▸ Work required
All lines from the one containing "Candeeiro de parede" through the end of the material are to be given back exactly, without pictures.

▸ Data section
• • •

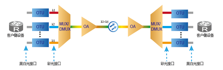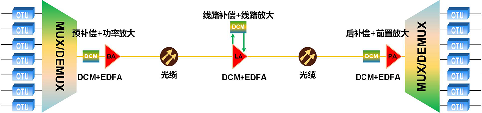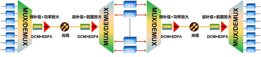 裸光纤-EDFA (光放大器)- OLP (光保护板)- OADM (光分插复用器)- 分出 C21 通道光信号-OTU L1 口,插入 C21 波分模块 - C1 口插入 1310nm 模块,接入数通设备。
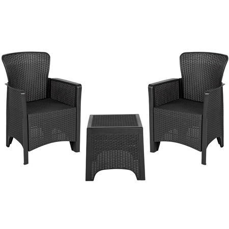 This three-piece dark gray faux rattan chair and side table set will fit any space. It includes two armchairs with a matching side table, and a durable resin frame that is lightweight and durable. The side table measures 15” square and holds up to 80 pounds. The chairs hold up to 330 pounds.
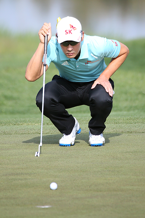 홍순상 15번홀 그린에서 퍼팅라인 살피기
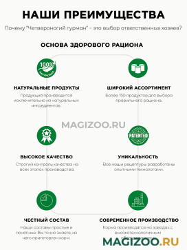 Четвероногий Гурман предлагает разнообразный ассортимент, который позволяет составить правильный рацион, отвечающий потребностям именно Вашего любимца. Все корма 100 % натуральны, не содержат сои, ГМО, искусственных красителей и ароматизаторов.
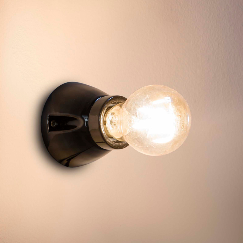 Portalámparas para bombillas de casquillo E27 fabricado en porcelana de color negra esmaltada. Sus formas suaves y redondeadas encajan en las decoraciones de estilo nórdico.
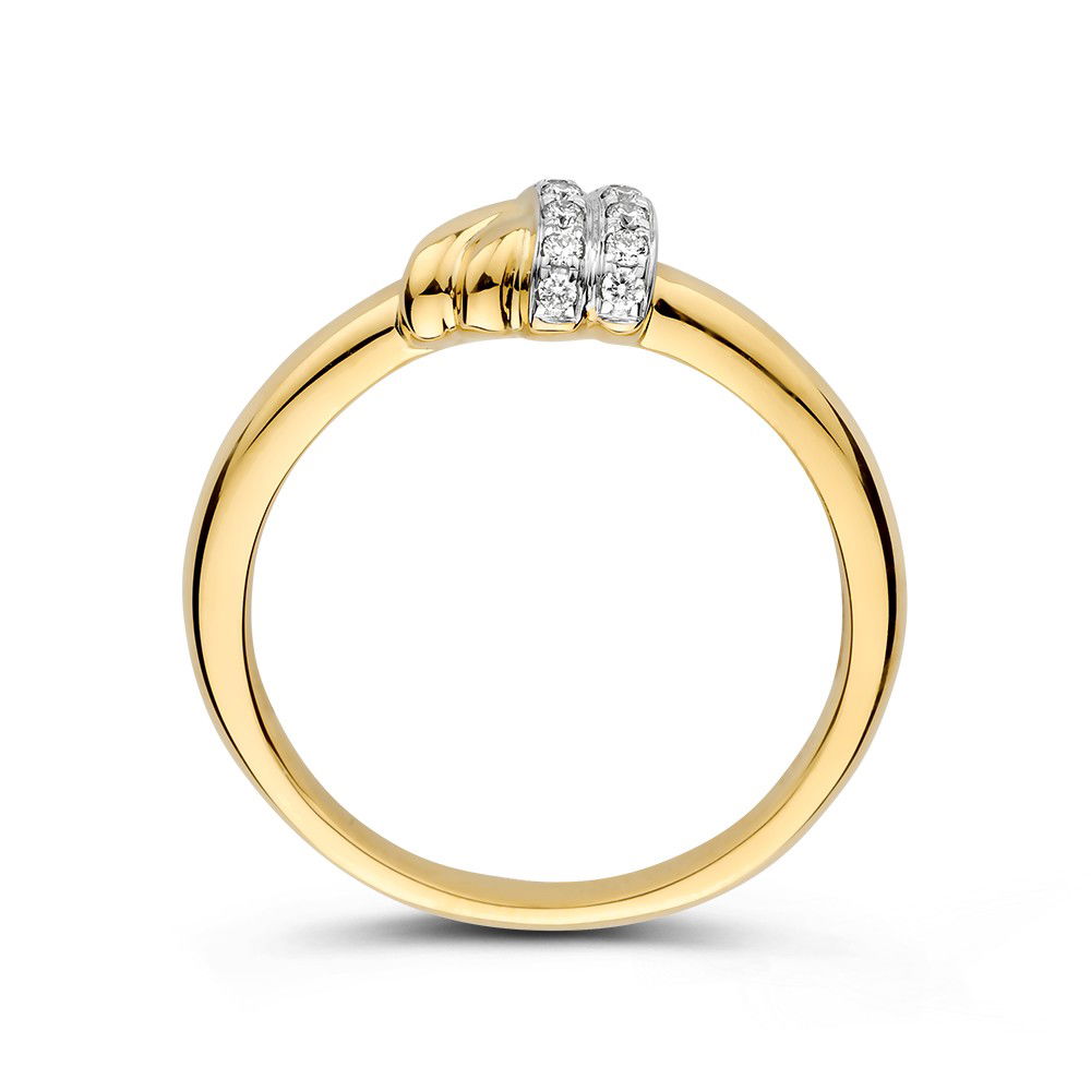 Speelse geelgouden ring met bovenop een knoop in wit- en geelgoud. Het witgouden gedeelte is gezet met fijne diamanten.
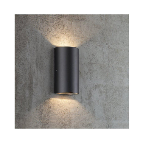 Candeeiro de parede adequado para uso exterior e zonas húmidas (IP44). |
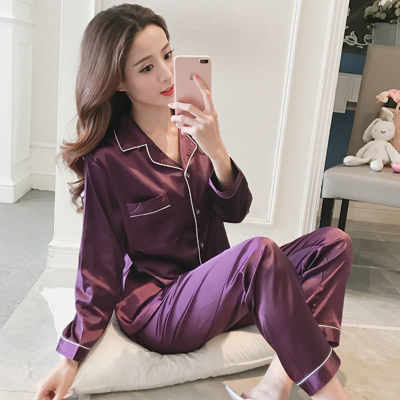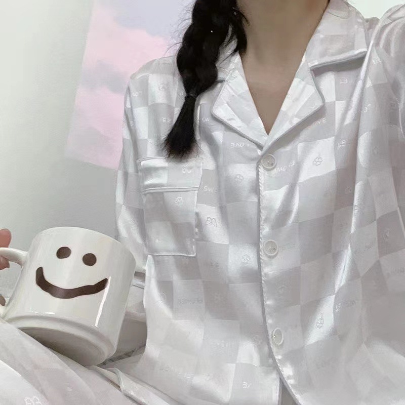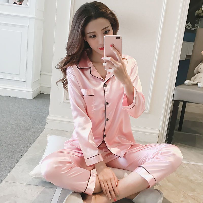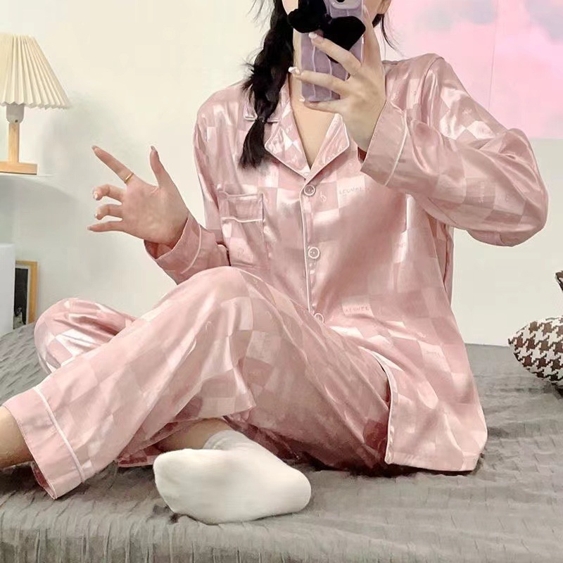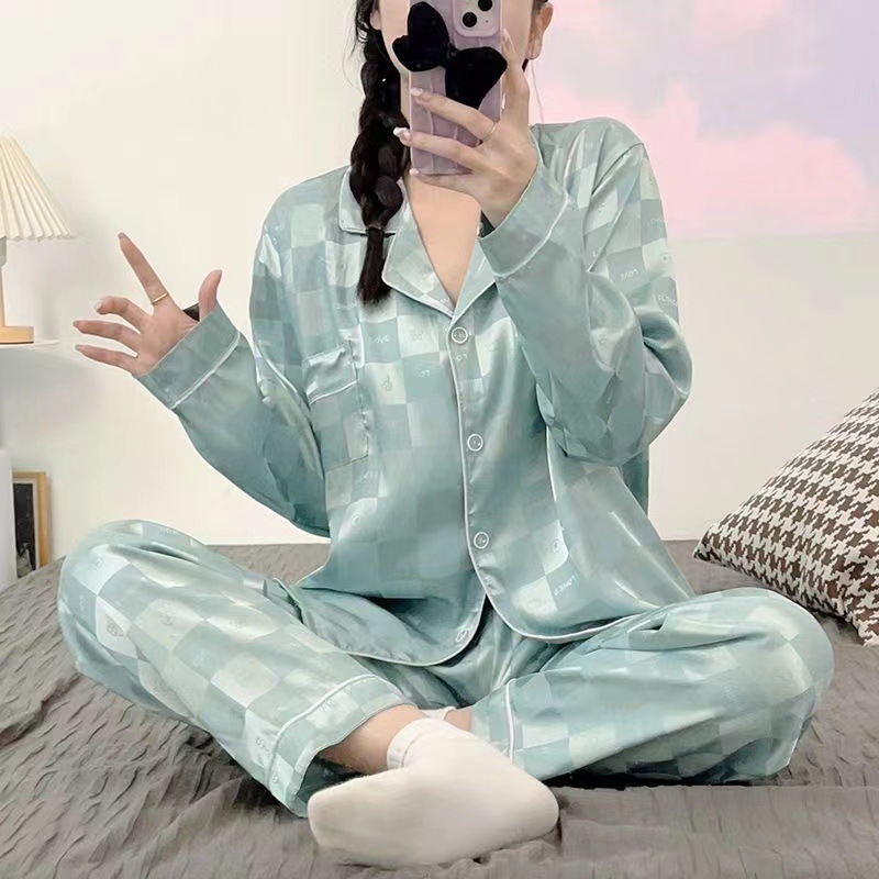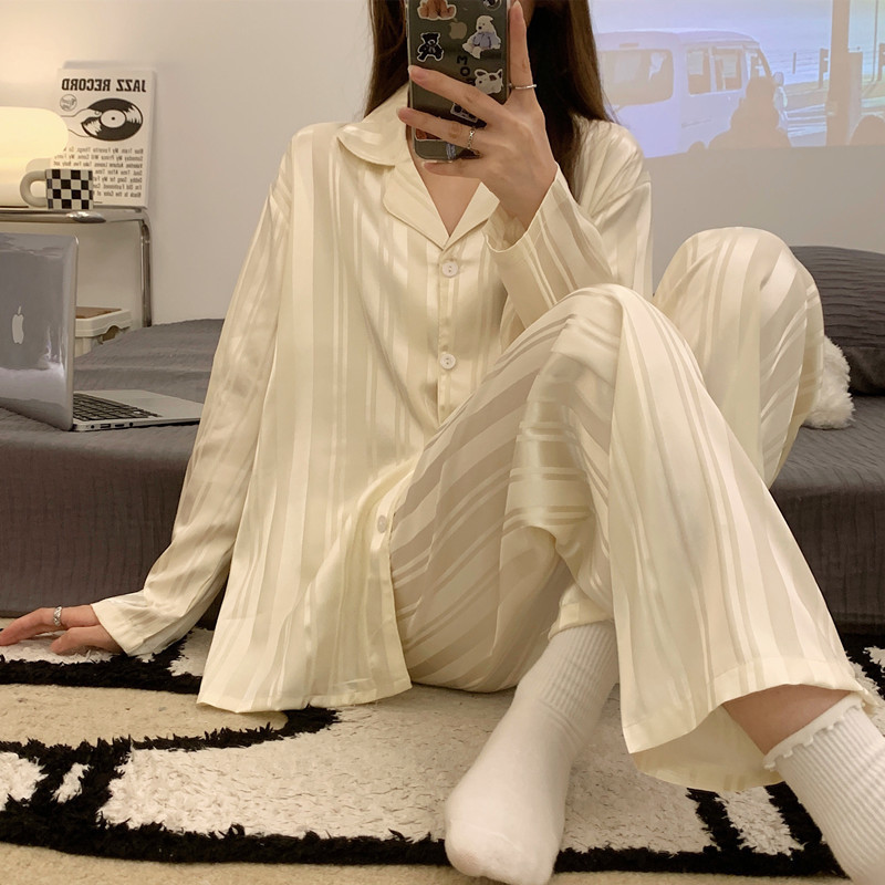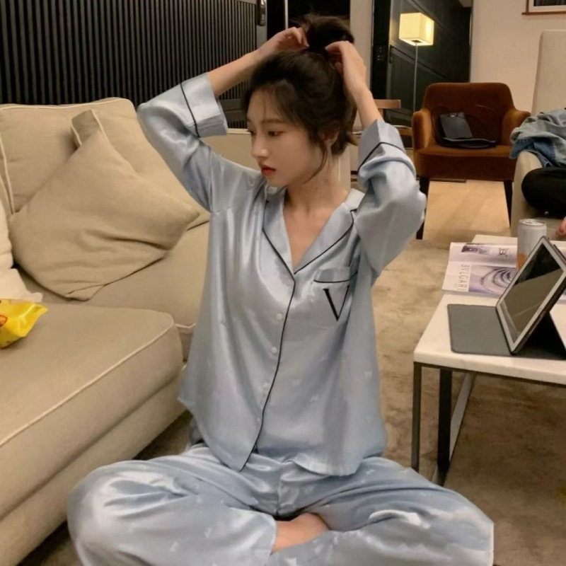 아이스 실크 잠옷 여성의 봄과 여름 얇은 긴 소매 하이 엔드 센스 2025 새로운 여름 착용 가능한 홈 의류 세트스토어 가기
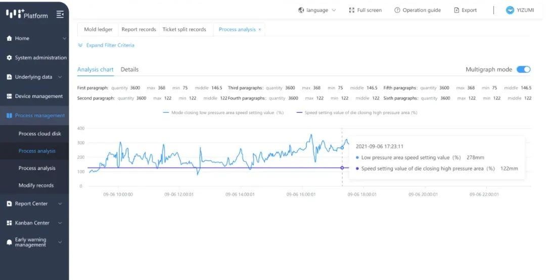 Yi-CMS focuses on two important areas of equipment and process of molding enterprises, providing customers with simple and easy-to-use equipment monitoring, efficiency analysis, process standards and parameter tracking management functions. The system is easy to deploy and fast to implement, helping customers with digital transformation. Yi-CMS will focus more on device interconnection and process data management, helping customers transform their business from single machine management to overall system integration.

• • •

▸ Written response
 Candeeiro de parede adequado para uso exterior e zonas húmidas (IP44). |
 아이스 실크 잠옷 여성의 봄과 여름 얇은 긴 소매 하이 엔드 센스 2025 새로운 여름 착용 가능한 홈 의류 세트스토어 가기
 Yi-CMS focuses on two important areas of equipment and process of molding enterprises, providing customers with simple and easy-to-use equipment monitoring, efficiency analysis, process standards and parameter tracking management functions. The system is easy to deploy and fast to implement, helping customers with digital transformation. Yi-CMS will focus more on device interconnection and process data management, helping customers transform their business from single machine management to overall system integration.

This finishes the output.